Top of INPUT DATA

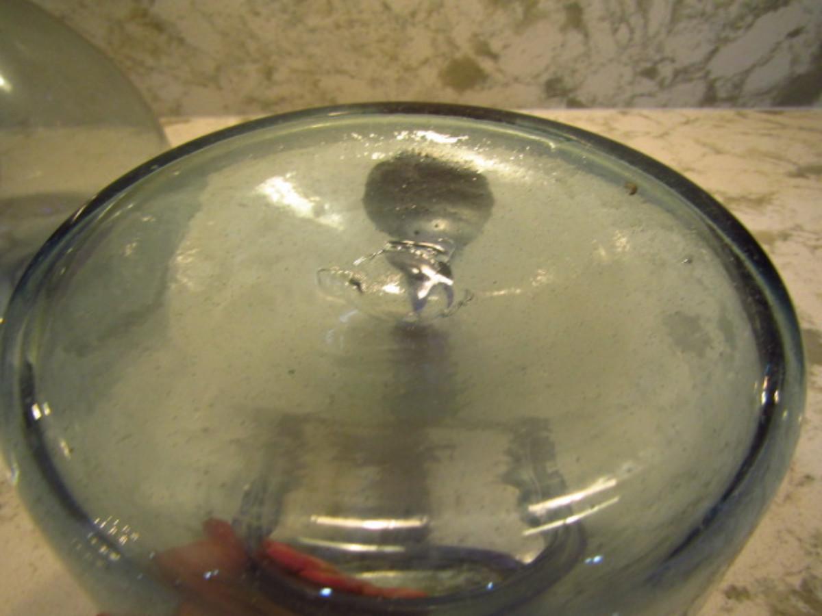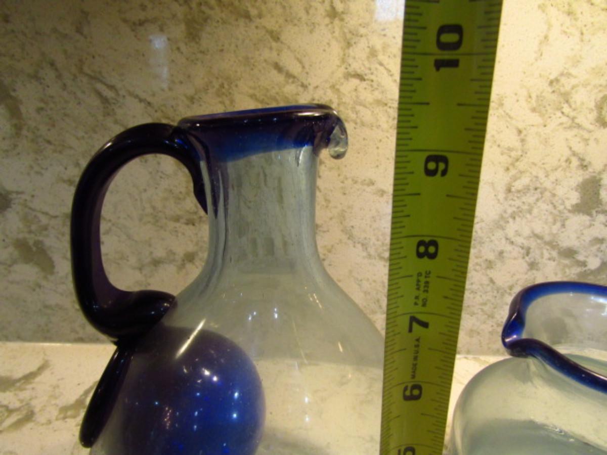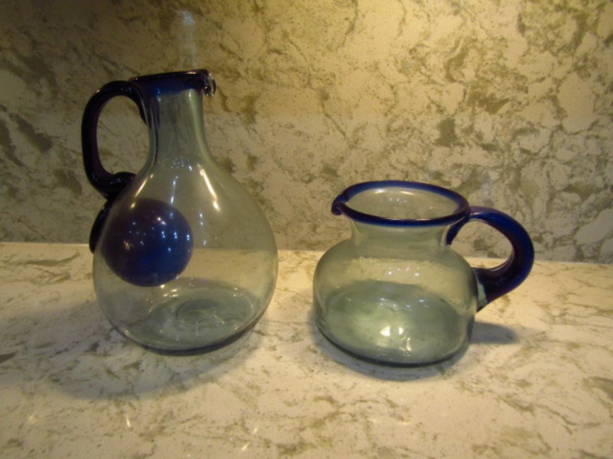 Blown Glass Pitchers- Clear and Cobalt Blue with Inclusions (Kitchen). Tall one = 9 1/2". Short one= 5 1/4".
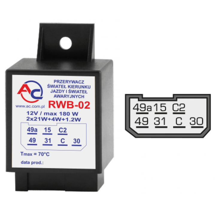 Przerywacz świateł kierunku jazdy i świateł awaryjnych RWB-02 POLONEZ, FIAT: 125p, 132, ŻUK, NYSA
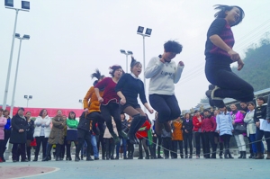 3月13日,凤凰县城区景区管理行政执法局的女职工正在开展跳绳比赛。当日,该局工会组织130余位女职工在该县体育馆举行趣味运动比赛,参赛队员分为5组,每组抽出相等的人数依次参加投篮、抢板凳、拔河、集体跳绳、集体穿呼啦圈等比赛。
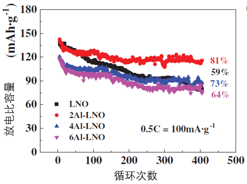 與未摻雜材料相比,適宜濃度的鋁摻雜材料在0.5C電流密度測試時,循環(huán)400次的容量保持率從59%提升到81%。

Bottom of INPUT DATA

The answer is every line of the data, exactly as written, with the pictures dropped.

 Blown Glass Pitchers- Clear and Cobalt Blue with Inclusions (Kitchen). Tall one = 9 1/2". Short one= 5 1/4".
 Przerywacz świateł kierunku jazdy i świateł awaryjnych RWB-02 POLONEZ, FIAT: 125p, 132, ŻUK, NYSA
 3月13日,凤凰县城区景区管理行政执法局的女职工正在开展跳绳比赛。当日,该局工会组织130余位女职工在该县体育馆举行趣味运动比赛,参赛队员分为5组,每组抽出相等的人数依次参加投篮、抢板凳、拔河、集体跳绳、集体穿呼啦圈等比赛。
 與未摻雜材料相比,適宜濃度的鋁摻雜材料在0.5C電流密度測試時,循環(huán)400次的容量保持率從59%提升到81%。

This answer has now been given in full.